I'm following a tutorial here for implementing a Faster RCNN against a custom dataset using PyTorch.
This is my training loop:
for images, targets in metric_logger.log_every(data_loader, print_freq, header):
# FOR GPU
images = list(image.to(device) for image in images)
targets = [{k: v.to(device) for k, v in t.items()} for t in targets]
# Train the model
loss_dict = model(images, targets)
# reduce losses over all GPUs for logging purposes
losses = sum(loss for loss in loss_dict.values())
loss_dict_reduced = reduce_dict(loss_dict)
losses_reduced = sum(loss for loss in loss_dict_reduced.values())
loss_value = losses_reduced.item()
The metric logger (defined here) outputs the following to the console during training:
Epoch: [0] [ 0/226] eta: 0:07:57 lr: 0.000027 loss: 6.5019 (6.5019) loss_classifier: 0.8038 (0.8038) loss_box_reg: 0.1398 (0.1398) loss_objectness: 5.2717 (5.2717) loss_rpn_box_reg: 0.2866 (0.2866) time: 2.1142 data: 0.1003 max mem: 3827
Epoch: [0] [ 30/226] eta: 0:02:28 lr: 0.000693 loss: 1.3016 (2.4401) loss_classifier: 0.2914 (0.4067) loss_box_reg: 0.2294 (0.2191) loss_objectness: 0.3558 (1.2913) loss_rpn_box_reg: 0.3749 (0.5230) time: 0.7128 data: 0.0923 max mem: 4341
After an epoch has finished, I call an evaluate method which outputs the following:
Test: [ 0/100] eta: 0:00:25 model_time: 0.0880 (0.0880) evaluator_time: 0.1400 (0.1400) time: 0.2510 data: 0.0200 max mem: 4703
Test: [ 99/100] eta: 0:00:00 model_time: 0.0790 (0.0786) evaluator_time: 0.0110 (0.0382) time: 0.1528 data: 0.0221 max mem: 4703
Test: Total time: 0:00:14 (0.1401 s / it)
Averaged stats: model_time: 0.0790 (0.0786) evaluator_time: 0.0110 (0.0382)
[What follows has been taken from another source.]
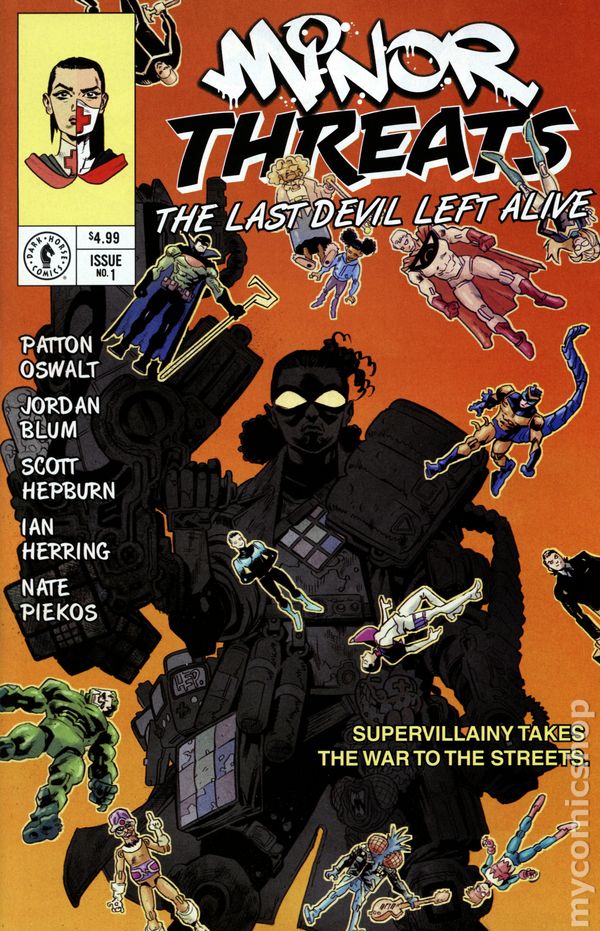 (W) Patton Oswalt; Jordan Blum (A) Scott Hepburn (CA) Scott Hepburn (C) Ian Herring The hit superhero saga that’s Watchmen meets The Wire returns from Patton Oswalt and Jordan Blum, showrunners of Marvel’s M.O.D.O.K on HULU, and superstar artist Scott Hepburn (Tom Morello’s Orchid).The Minor Threats have gone underground, standing on their last leg as they fight for the future of Twilight City. Frankie Follis aka the supervillain Playtime desperately needs a leader for her new ragtag team of rejects and sets her sights on recruiting the greatest superhero of all—The Searcher! After traveling to Meteor Falls she instead finds a recently depowered shell of the former champion of justice. The Searcher: no more. On top of that Frankie, Scalpel and the others are attacked by an all-new, all-deadly version of The Action. And if that wasn't enough, the team-up no one asked for—Brain Tease and Barfly pull a heist! And folks, it doesn't go well . . .• Five-issue series. 32 pages, full color, not rated. Cover price $4.99.

Accumulating evaluation results...
DONE (t=0.11s).
IoU metric: bbox
Average Precision (AP) @[ IoU=0.50:0.95 | area= all | maxDets=100 ] = 0.263
Average Precision (AP) @[ IoU=0.50 | area= all | maxDets=100 ] = 0.346
Average Precision (AP) @[ IoU=0.75 | area= all | maxDets=100 ] = 0.304
Average Precision (AP) @[ IoU=0.50:0.95 | area= small | maxDets=100 ] = 0.208
Average Precision (AP) @[ IoU=0.50:0.95 | area=medium | maxDets=100 ] = 0.308
Average Precision (AP) @[ IoU=0.50:0.95 | area= large | maxDets=100 ] = 0.013
Average Recall (AR) @[ IoU=0.50:0.95 | area= all | maxDets= 1 ] = 0.027
Average Recall (AR) @[ IoU=0.50:0.95 | area= all | maxDets= 10 ] = 0.175
Average Recall (AR) @[ IoU=0.50:0.95 | area= all | maxDets=100 ] = 0.311
Average Recall (AR) @[ IoU=0.50:0.95 | area= small | maxDets=100 ] = 0.264
Average Recall (AR) @[ IoU=0.50:0.95 | area=medium | maxDets=100 ] = 0.351
Average Recall (AR) @[ IoU=0.50:0.95 | area= large | maxDets=100 ] = 0.086
I'm a bit confused by the differing metrics used during training and testing - I had wanted to plot training + validation loss (or the equivalent IoU values) so I can visualise training and testing performance, as well as checking if any overfitting is occurring.
My question is, how can I compare the model's training and testing performance?